Insurance Company Dongles Don't Offer Much Assurance Against Hacking
According to a story at Forbes, Digital Bond Labs hacker Corey Thuen has some news that should make you think twice about saving a few bucks on insurance by adding a company-supplied car-tracking OBD2 dongle:
It’s long been theorised that [Progressive Insurance's Snapshot and other] such usage-based insurance dongles, which are permeating the market apace, would be a viable attack vector. Thuen says
he’s now proven those hypotheses; previous attacks via dongles either didn’t name the OBD2 devices or focused on another kind of technology, namely Zubie, which tracks the performance of vehicles for maintenance and safety purposes. ... He started by extracting the firmware from the dongle, reverse engineering it and determining how to exploit it. It emerged the Snapshot technology, manufactured by Xirgo Technologies, was completely lacking in the security department, Thuen said. “The firmware running on the dongle is minimal and insecure. It does no validation or signing of firmware updates, no secure boot, no cellular authentication, no secure communications or encryption, no data execution prevention or attack mitigation technologies basically it uses no security technologies whatsoever.”
I've long thought there could be a really lucrative market for OBD2 spoofers. Instead of plugging the dongle directly into your car, plug it into a middle-man that feeds it the "happiest" possible data to make it think your driving is perfect.

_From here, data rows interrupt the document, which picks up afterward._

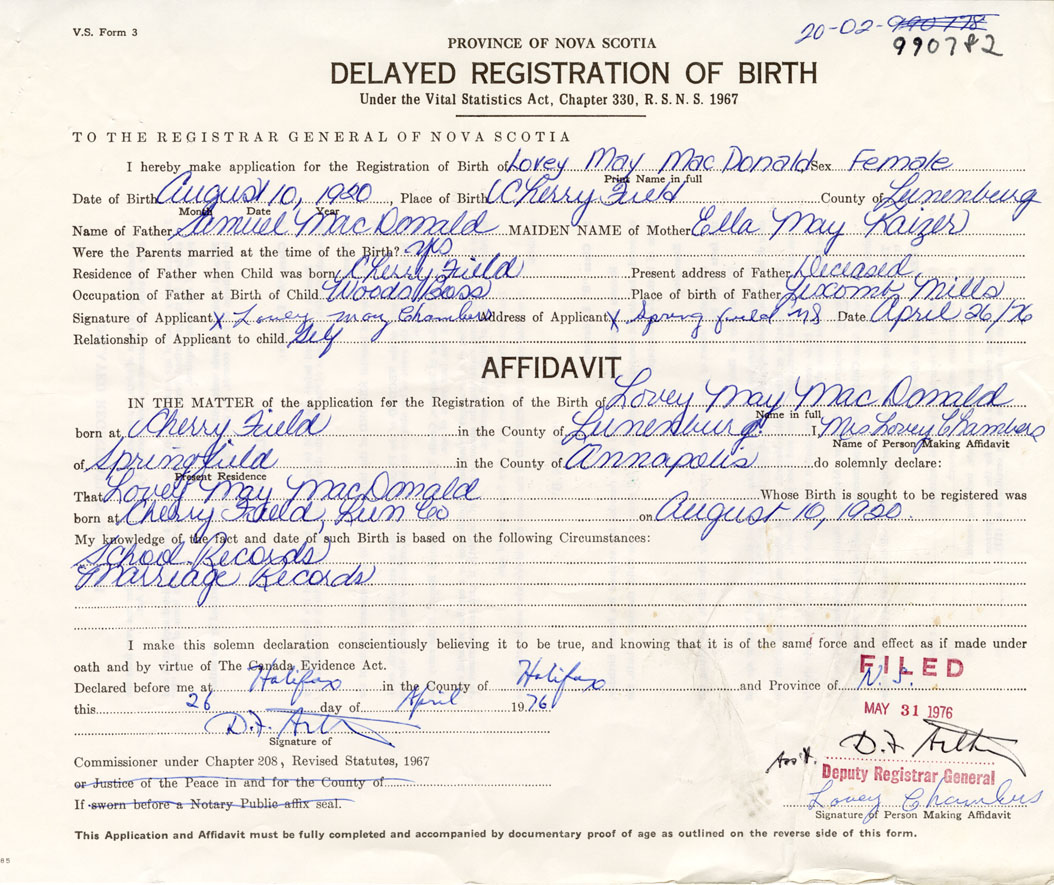 I hereby make application for the Registration of Birth of Lovey MayMacDonald Sex Female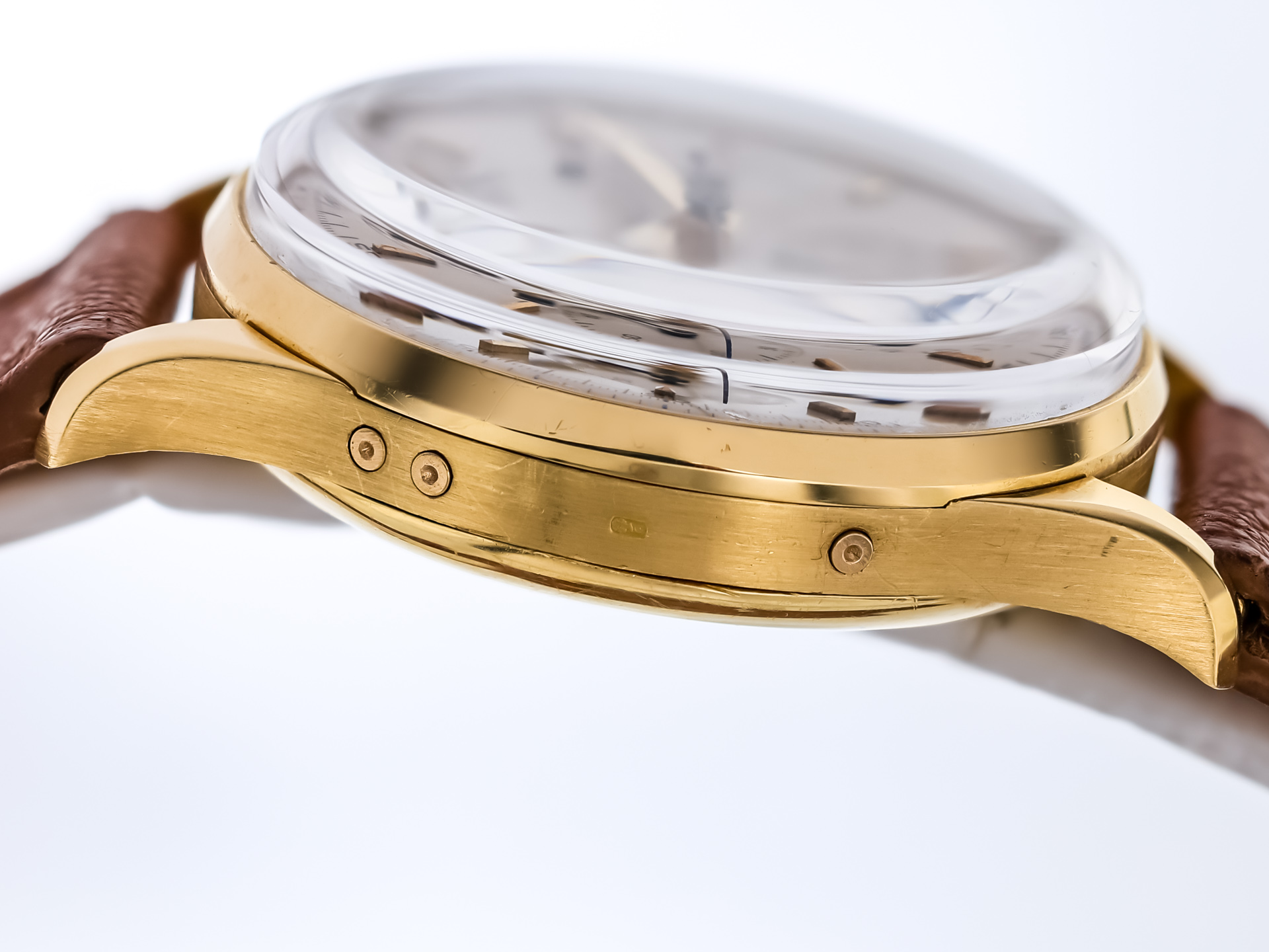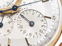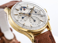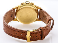 The case retains excellent proportions, with well-defined lugs and a harmonious balance between elegance and sportiness. Fitted with its correct chronograph pushers and crown, the watch remains a superb example of a classic vintage complication in precious metal.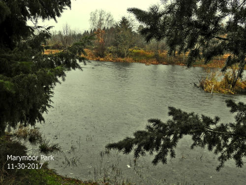 UPDATE 12/1/2009: There was a single BRANT with a flock of Cackling and Canada Geese in the NE part of the park, near the baseball diamonds. The geese flew out around 12:30. I also had a NORTHERN SHRIKE. A couple of Lincoln's Sparrows, and four American Coots were the other species I had there today that I did not see Monday.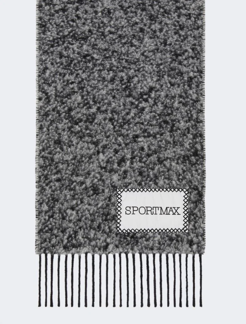 Jacquard alpaca and wool blend scarf, with maxi logo on one side for modular styling. With fringes and label on the front. - Boucle wool and alpaca blend scarf - Long braided fringes, 10 cm long - Maxi jacquard logo on the back - Maxi custom label on the front - Measurements: 30 x 245 cm Composition and Care 73% wool, 22% alpaca, 5% polyamide. Distributed by Max Mara S.r.l., registered office in Reggio Emilia (Italy), Via Giulia Maramotti 4, 42124

There is no authentication in the OBD2 protocol so there is no way for the dongle to tell the difference between a real OBD2 data feed and a spoofed one.
The most obvious reason for an attack here is to commit insurance fraud. At present, an insurance company is forced to base an insurance premium on all the meta-data they can possibly gather about the prospective client, excepting their sex if they are in the EU (although this may well lead to a quite astonishing number of men called "Sue", if insurance companies attempt to bypass this and link first names to insurance risk).
A data-gathering dongle would seem to offer a much better deal, allowing the company to charge more if the user indulges in risky behaviour of some description.
A possible reason for hacking into the module would therefore be to falsify the data sent back to the company; a boy racer who regularly breaks speed limits, corners absurdly fast and brakes late if at all would gain substantially from a fraudulent data recording which portrayed him as someone with the driving habits of an octogenarian grandmother; such a person might also think that the gamble of sending such phoney data was well worth the savings when set against the fairly low risk of getting caught.
It therefore worries me that companies are this lazy when building such equipment. It really doesn't take all that much to keep out the majority of crackers right from the start, and as the skilled ones are in the minority, taking a little care initially would pay dividends down the line.
If you want to drive your car again, send $500 to .... until then the ignition is locked.
That most people don't give a damn about security "because it is hard"?
Actually, security is not hard. But, security done properly requires you to commit substantial resources -- people, time, money. And that cuts into profits, so most most companies are not interested.
Nonsense, I've been to board game parties where 6 of us went through almost a whole quart of 3.2 beer. We rocked the house until almost 10:30pm. I mean, it was a work night after all and I had to get home to watch the DOTA2 quarterfinals on Twitch.tv.
You are welcome on my lawn.
That's a very valid point, but let's not pretend that you couldn't have the benefits of OnStar without most of the nasty privacy issues. A limit on data retention, clear indication when the device is listening in, and not selling subscriber data to the government would resolve a lot of the criticism.
I'm glad the insurance companies are so lax with those peoples security as to make them a target for crackers. It shows they are subject to the same type of contempt the insurance companies demonstrated in the first place. People too insular to be concerned deserve to be subject to every exploit there is.
My ism, it's full of beliefs.
From the article.
By hooking up his laptop directly to the device he says he would have been able to unlock doors, start the car and gather engine information, but he chose not to “weaponise” his exploits
SO only direct connect has been proven.
The researcher noted that for a remote attack to take place, the concomitant u-blox modem, which handles the connection between Progressive’s servers and the dongle, would have to be compromised too. Such systems have been exploited in the past, as noted in a paper here from Ralf-Philipp Weinmann, from the University of Luxembourg.
Remote access has only been shown by similar systems.
Call me when you can actually show a remote exploit through the dongle.